| WHAT YOU SHOULD DO |
Using the records below, write out only the lines from the line containing "Get your carryout" up to and including the line containing "Πανελλαδική συγκέντρωση διαμαρτυρίας", exactly, with no pictures.

= = = = = = =

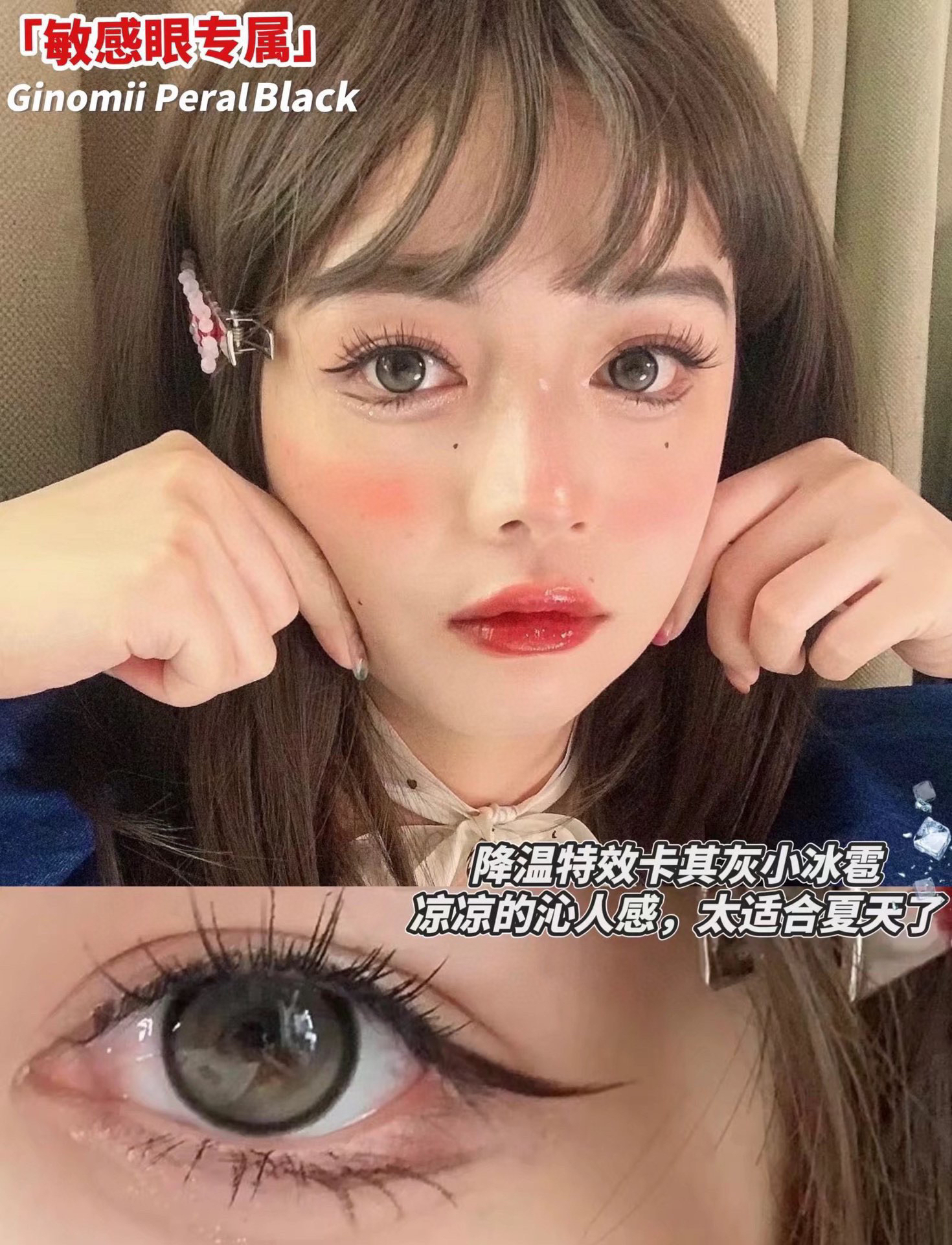 半年抛 卡其豆 Ginomii 中直径14.2 着色13.4 (同品牌多副美瞳更划算 选款色板在详情页内 )微混血美瞳 黑灰色透光小冰雹
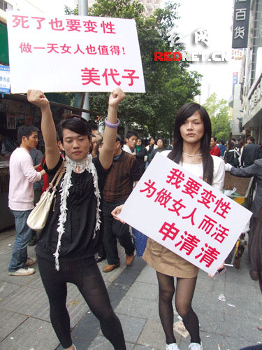 此時,申清清高舉一廣告牌稱“我要變性,為做女人而活”,而美代子的廣告牌上則顯示“死了也要變性,做一天女人也值得”,就連舉牌子的姿勢都“惹火撩人”,引得無數(shù)好奇的市民駐足。
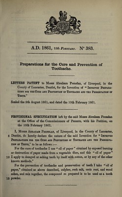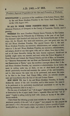 Credit: Specification of Moses Abraham Prenslan : preparations for the cure and prevention of toothache. Source: Wellcome Collection.
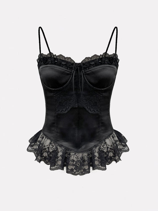 Black Satin Spaghetti Straps Boned Corset Top
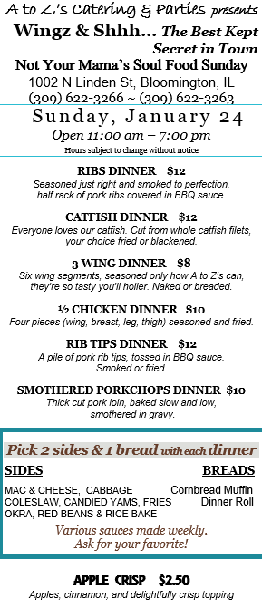 Get your carryout soul food 11:00 AM to 7:00 PM* this Sunday, January 24. Call to place your order (309-622-3263 and 309-622-3266) and use our drive-thru to pick up. We look forward to seeing you!
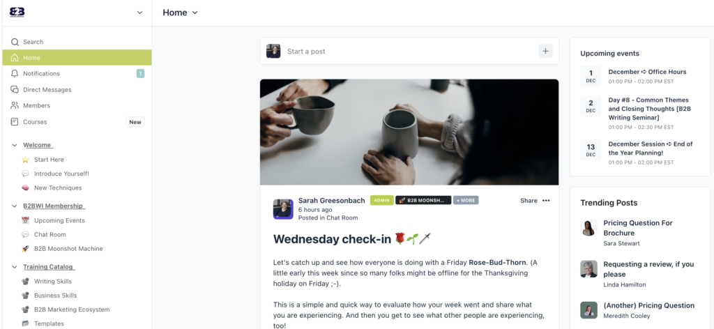 One of the most important reasons the B2B Writing Institute is the best choice on the market today is because of the hands-on approach I take to the community side of things.
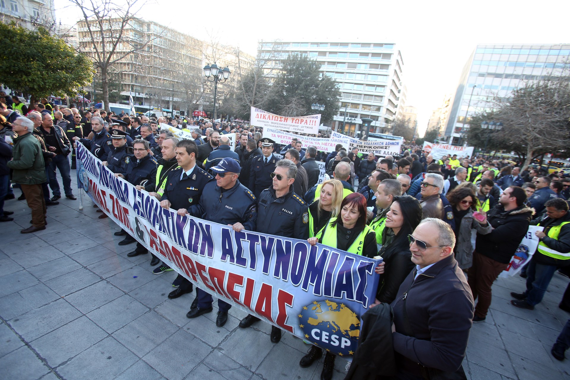 Πανελλαδική συγκέντρωση διαμαρτυρίας πραγματοποιούν στην Πλατεία Συντάγματος, περισσότεροι από 1.000 εκπρόσωποι των Σωμάτων Ασφαλείας, που ζητούν να εφαρμοστεί η απόφαση της Ολομέλειας του Συμβουλίου της Επικρατείας σχετικά με το μισθολόγιο τους.«Ζητάμε να εφαρμοστεί η απόφαση της Ολομέλειας του ΣτΕ και να πάρουμε αυτά που δικαιούμαστε. Είμαστε στην πλατεία Συντάγματος και δεν κλείνουμε κάποιο δρόμο, γιατί δεν θέλουμε να ταλαιπωρήσουμε τους πολίτες», τόνισε ο πρόεδρος της Πανελλήνιας Ομοσπονδίας Αστυνομικών Υπαλλήλων, Γρηγόρης Γερακαράκος.Οι συγκεντρωμένοι έχουν αναρτήσει πανό, στα οποία γράφουν συνθήματα σχετικά με τα αιτήματά τους, ενώ πρόκειται να κάνουν πορεία προς τη Βουλή.
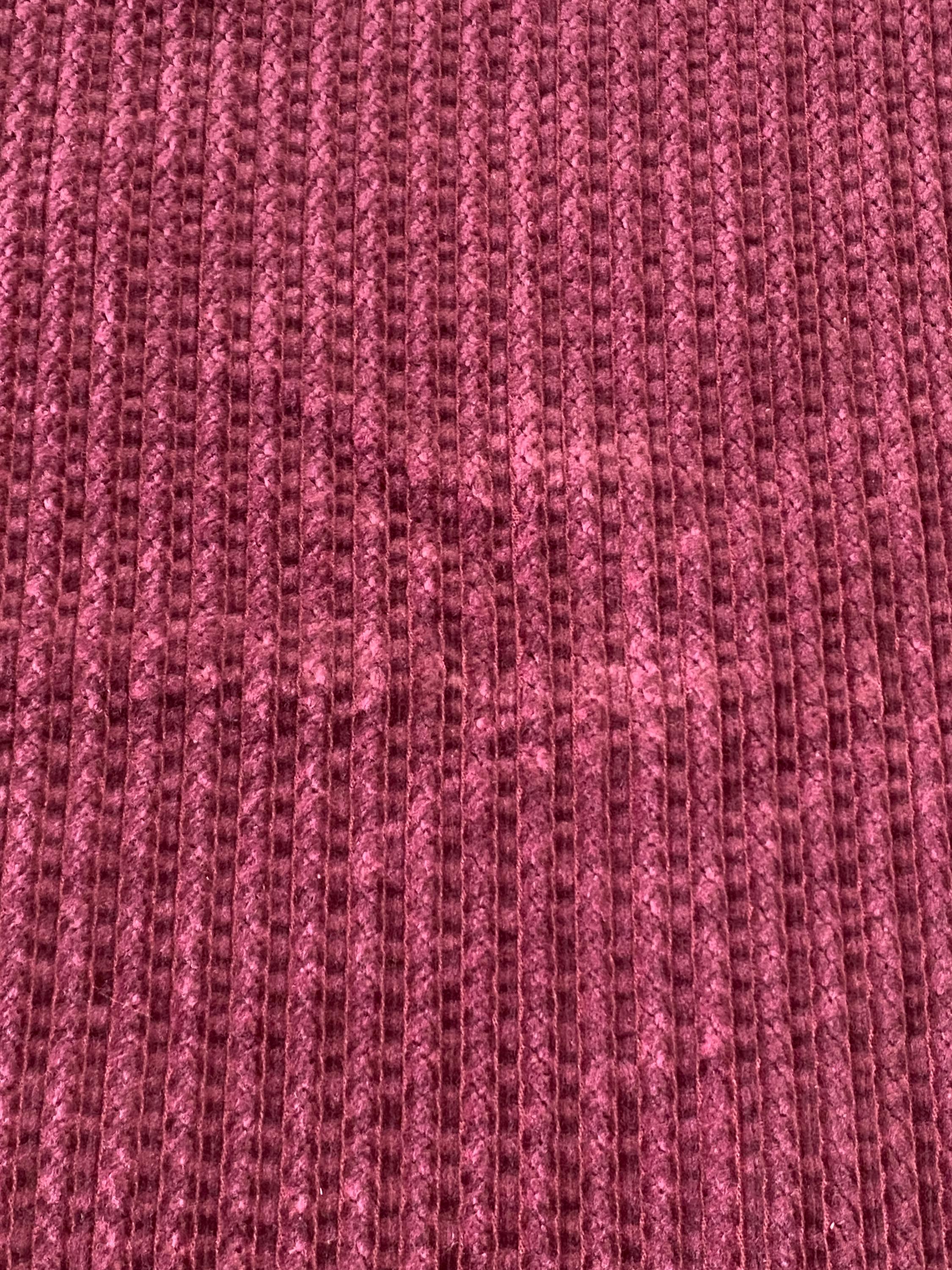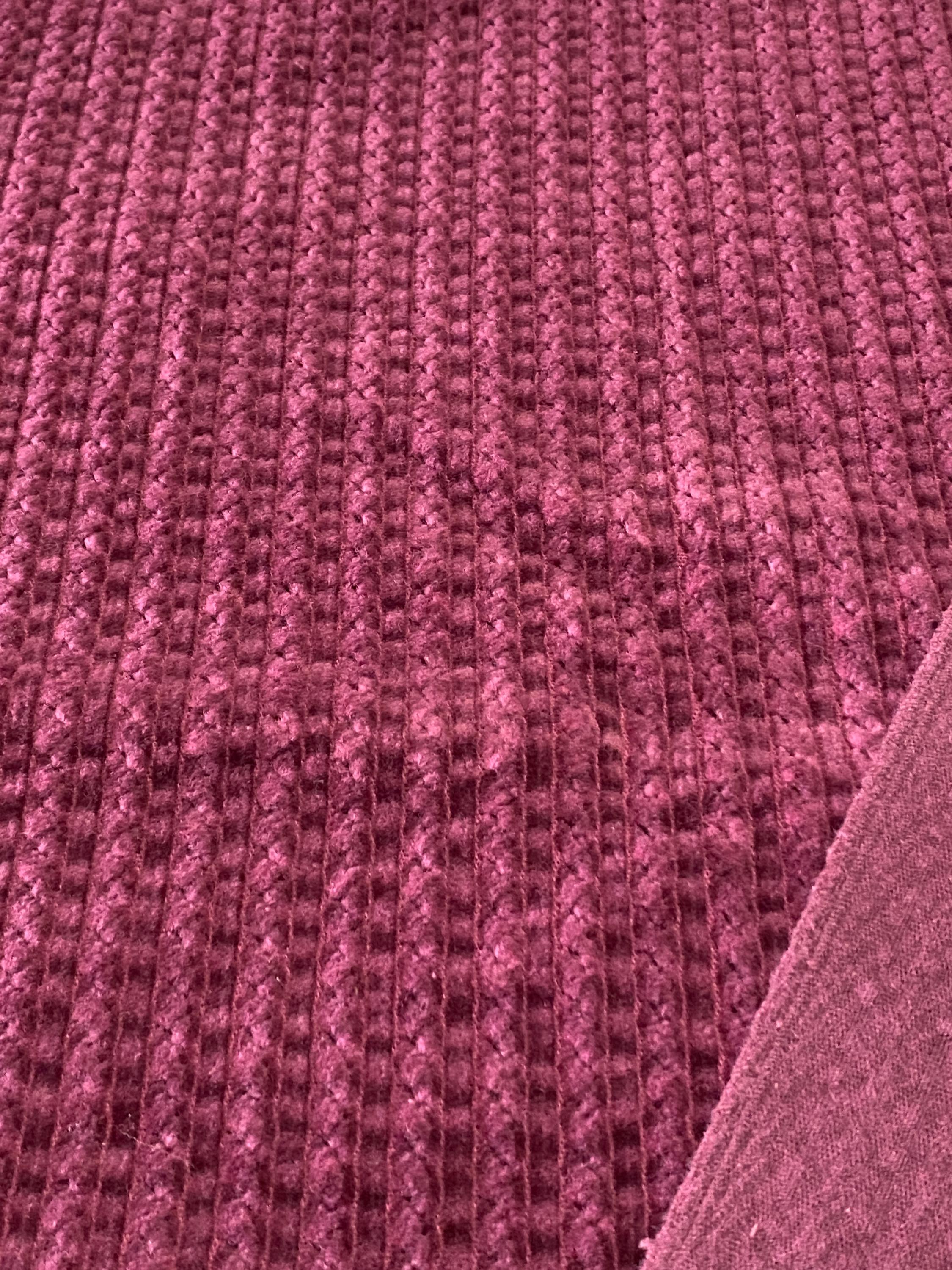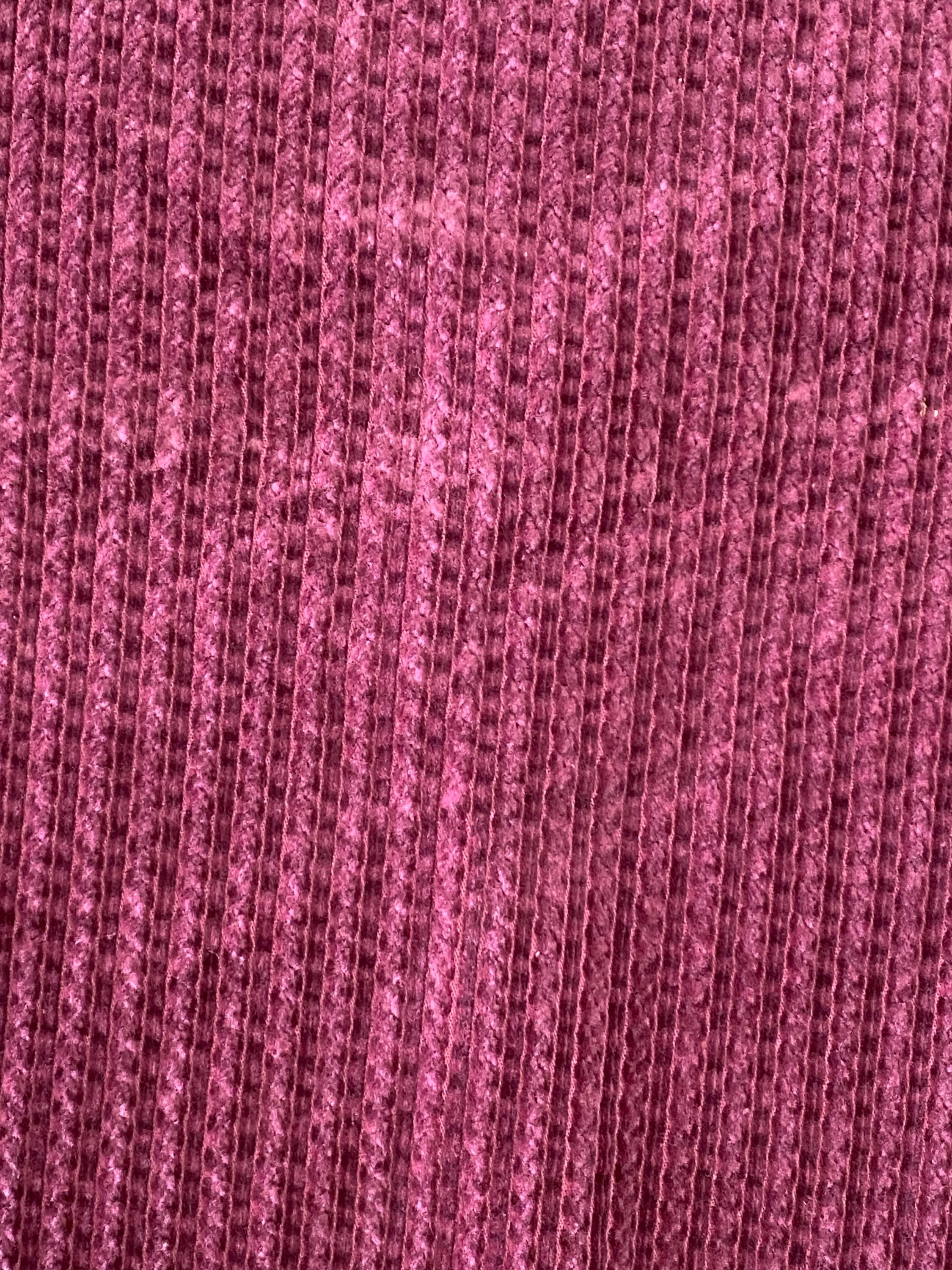 This is a vintage piece. The color is either a deep burgundy or a regal purple; I can't make up my mind. There are two different widths of wale... 1/8" and 3/8" and there is a pattern in the wales themselves.

= = = = = = =

| OUTPUT BELOW |
 Get your carryout soul food 11:00 AM to 7:00 PM* this Sunday, January 24. Call to place your order (309-622-3263 and 309-622-3266) and use our drive-thru to pick up. We look forward to seeing you!
 One of the most important reasons the B2B Writing Institute is the best choice on the market today is because of the hands-on approach I take to the community side of things.
 Πανελλαδική συγκέντρωση διαμαρτυρίας πραγματοποιούν στην Πλατεία Συντάγματος, περισσότεροι από 1.000 εκπρόσωποι των Σωμάτων Ασφαλείας, που ζητούν να εφαρμοστεί η απόφαση της Ολομέλειας του Συμβουλίου της Επικρατείας σχετικά με το μισθολόγιο τους.«Ζητάμε να εφαρμοστεί η απόφαση της Ολομέλειας του ΣτΕ και να πάρουμε αυτά που δικαιούμαστε. Είμαστε στην πλατεία Συντάγματος και δεν κλείνουμε κάποιο δρόμο, γιατί δεν θέλουμε να ταλαιπωρήσουμε τους πολίτες», τόνισε ο πρόεδρος της Πανελλήνιας Ομοσπονδίας Αστυνομικών Υπαλλήλων, Γρηγόρης Γερακαράκος.Οι συγκεντρωμένοι έχουν αναρτήσει πανό, στα οποία γράφουν συνθήματα σχετικά με τα αιτήματά τους, ενώ πρόκειται να κάνουν πορεία προς τη Βουλή.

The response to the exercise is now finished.